The Ministry of Ports, Shipping and Waterways is spearheading the effort, crafting a comprehensive subsidy framework to lure both international heavyweights and domestic firms. Production-linked incentives will make locally built cranes cost-competitive, mirroring successful models in other strategic sectors. This approach promises not just import substitution but also export potential in the long term.

Supporting infrastructure plays a pivotal role, building on a ₹10,000-crore investment in domestic container manufacturing. The crane scheme forms part of a broader maritime renaissance, including India's aspiration to rank among the top five global shipbuilding nations by 2047. These interconnected initiatives signal a shift towards an indigenous maritime industrial base.

Security concerns further propel the move, as over-reliance on Chinese equipment raises risks amid geopolitical tensions. Domestic manufacturing would mitigate supply disruptions, enhance technological sovereignty, and integrate advanced features like automation and IoT for smarter ports. It also aligns with India's Atmanirbhar Bharat vision, prioritising strategic autonomy in critical infrastructure.

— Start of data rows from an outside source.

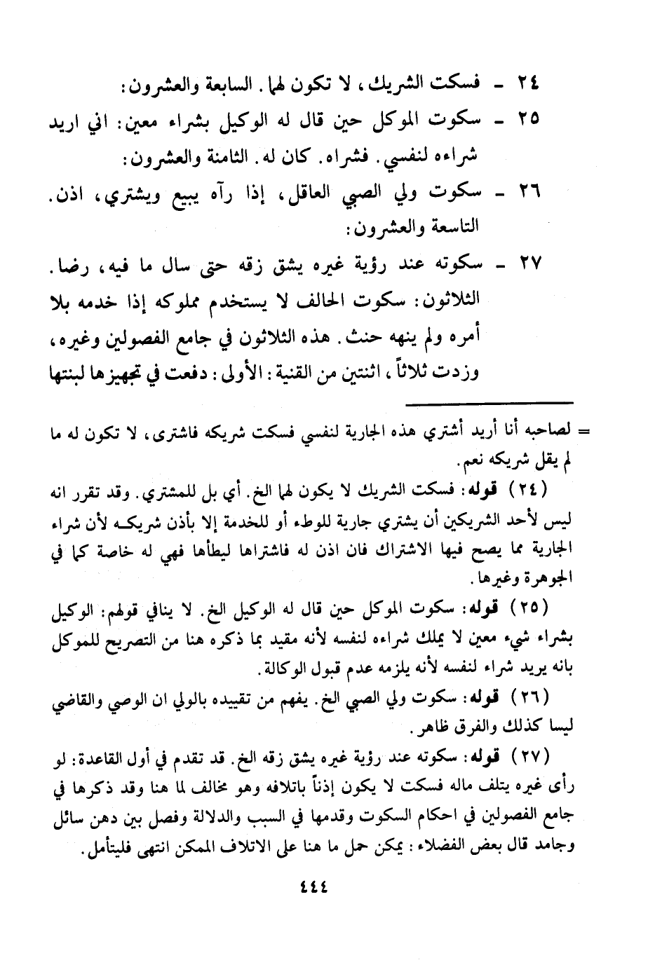 ـــــــــــــــــــــــــــــQلِصَاحِبِهِ أَنَا أُرِيدُ أَنْ أَشْتَرِيَ هَذِهِ الْجَارِيَةَ لِنَفْسِي فَسَكَتَ شَرِيكُهُ فَاشْتَرَى، لَا تَكُونُ لَهُ مَا لَمْ يَقُلْ شَرِيكُهُ نَعَمْ.
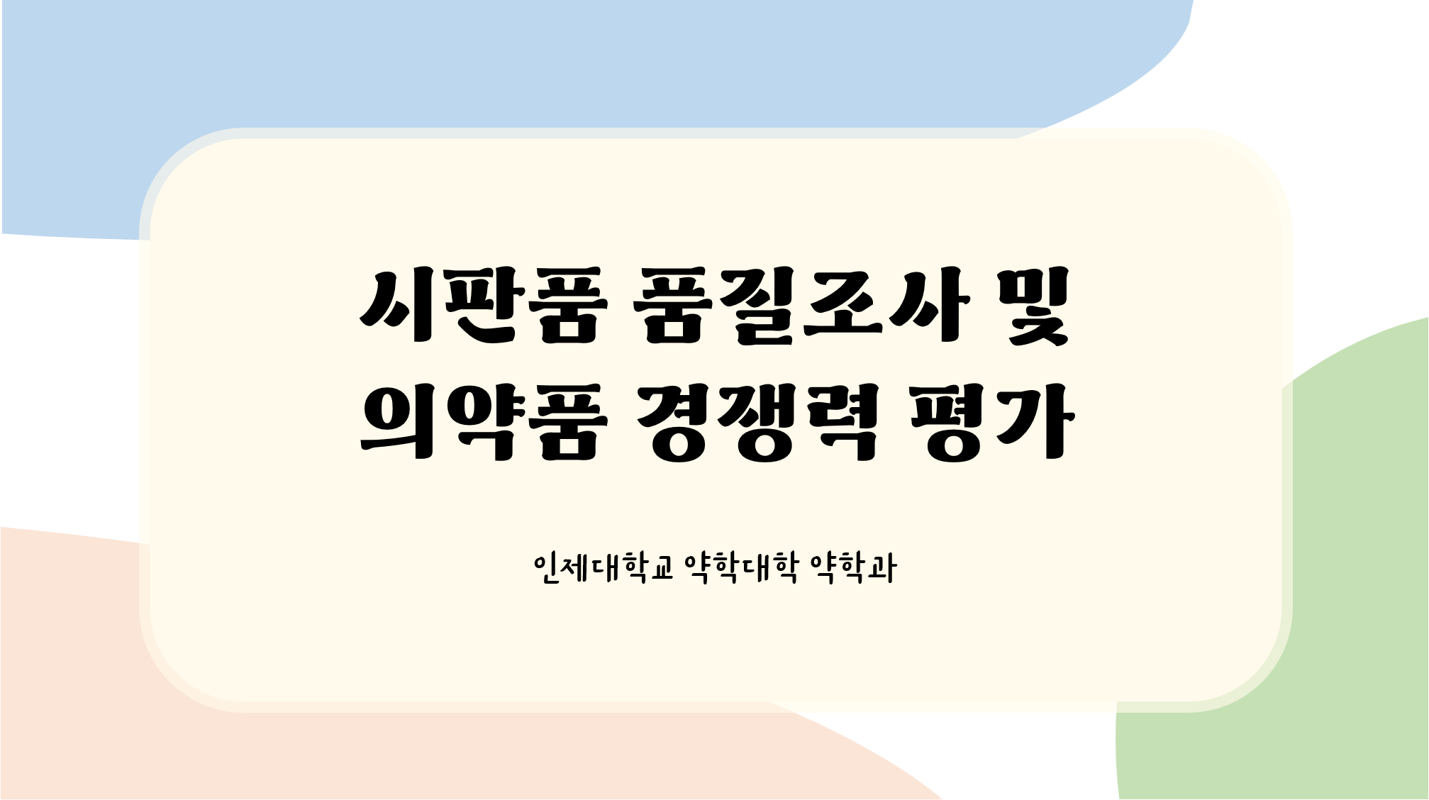 약학 진로 지도를 위한 첨단산업/연구 약사 역량 강화 프로그램 「시판품 품질조사 및 의약품 경쟁력 평가」
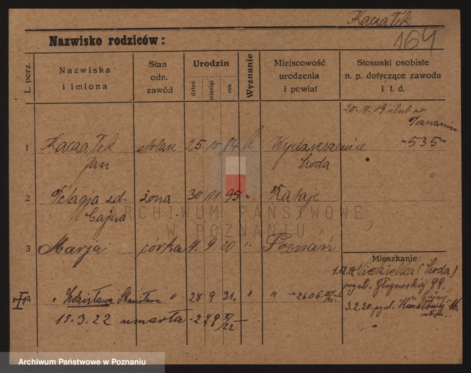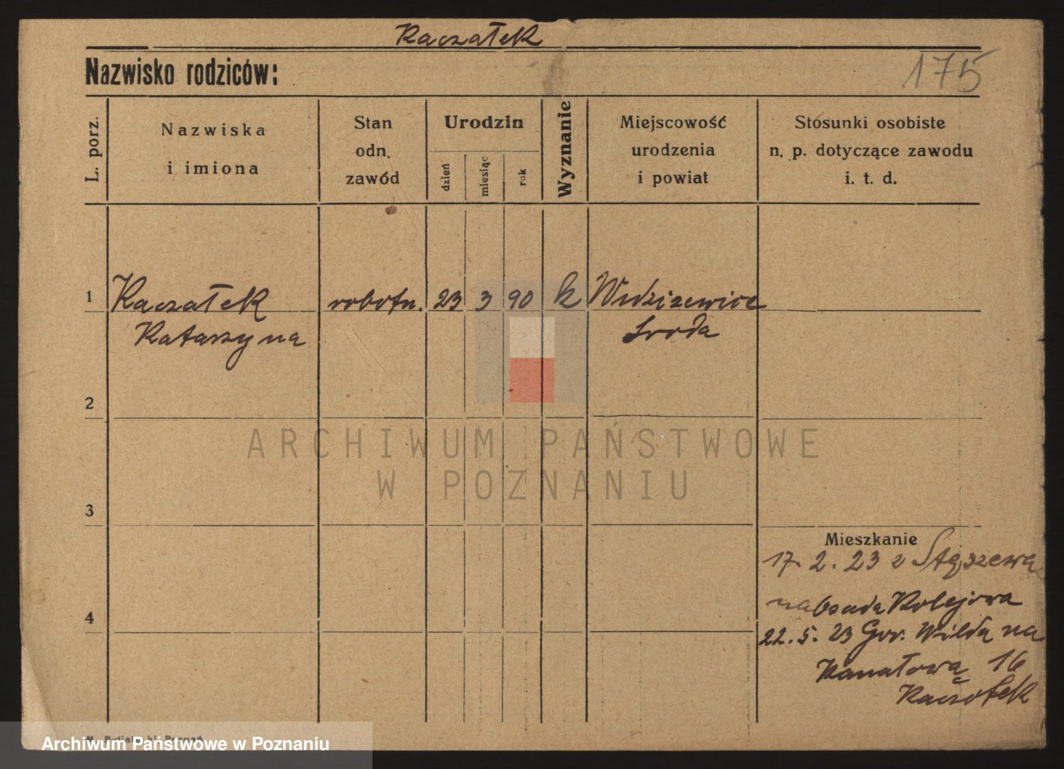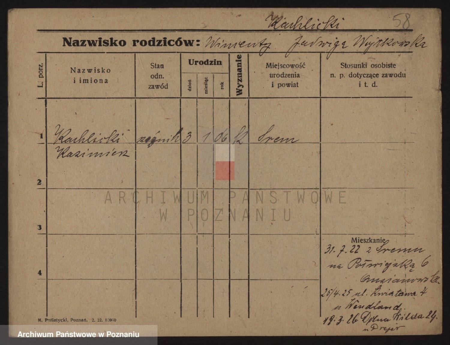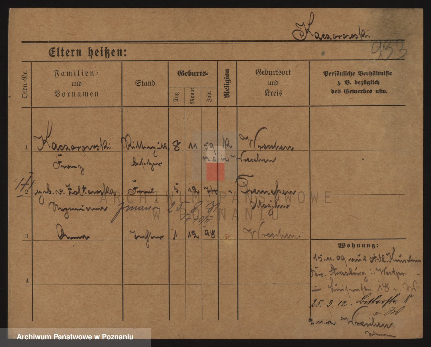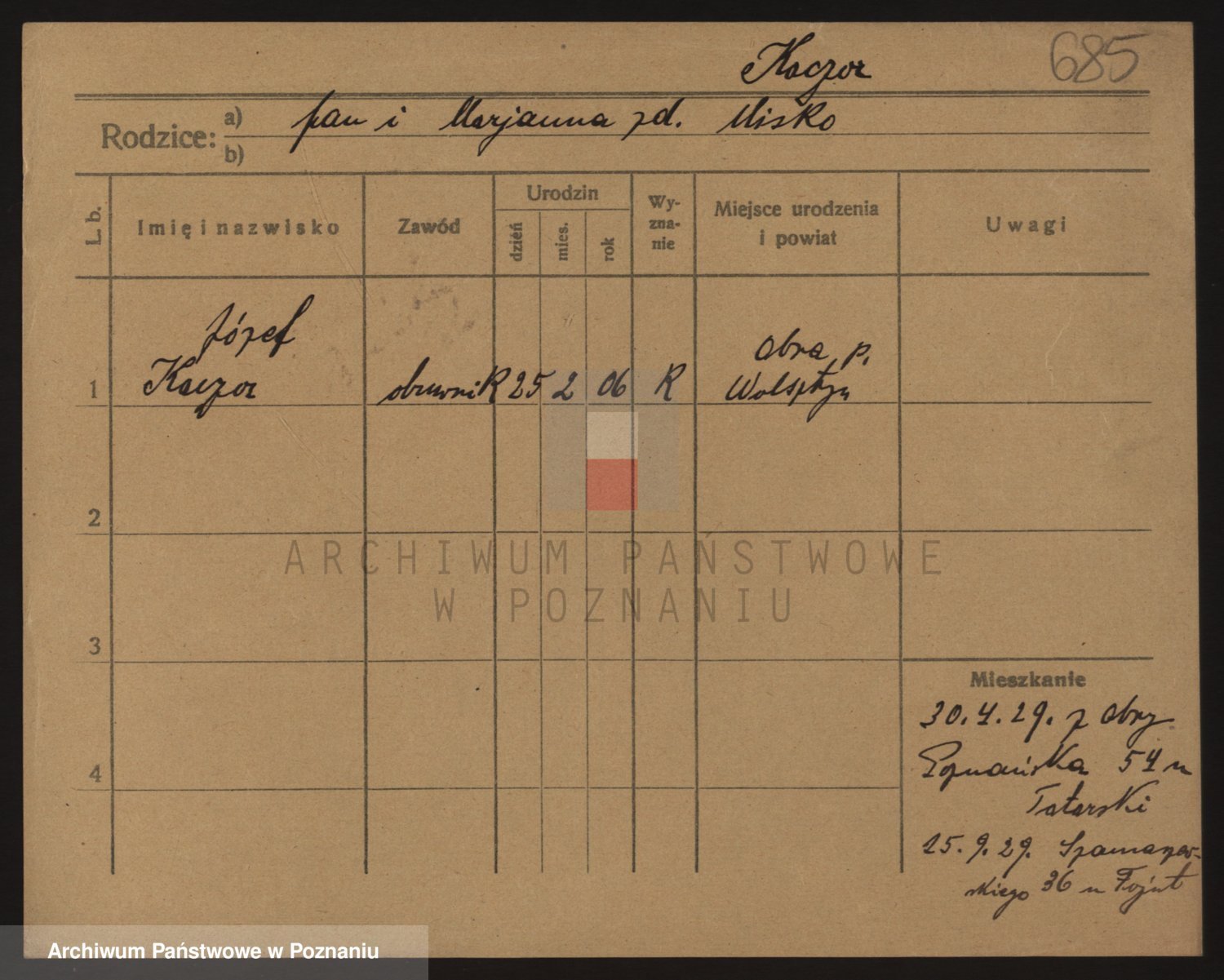 Podgląd karty osobowej dostępny jest po kliknięciu na nazwisko lub ikonkę karty. Można dokonywać powiększenia (ikony na górze) lub przechodzić między kolejnymi skanami (strzałki po bokach).

Private sector participation is expected to accelerate, with firms gaining from scale economies driven by mega-ports. Operators handling high volumes will prefer reliable local suppliers, reducing lead times from months to weeks. This could catalyse job creation in engineering, fabrication, and logistics, injecting vitality into coastal economies.

Challenges remain, including technology transfer and skill development to match global standards. Yet, partnerships with established players could bridge these gaps swiftly. The scheme's success hinges on sustained policy support, ensuring subsidies translate into viable enterprises rather than short-term props.

This initiative positions India as a maritime manufacturing hub, fortifying its trade gateways against external shocks. By 2035, a robust domestic crane industry could underpin the 175 million TEU target, transforming ports into engines of economic growth and strategic leverage.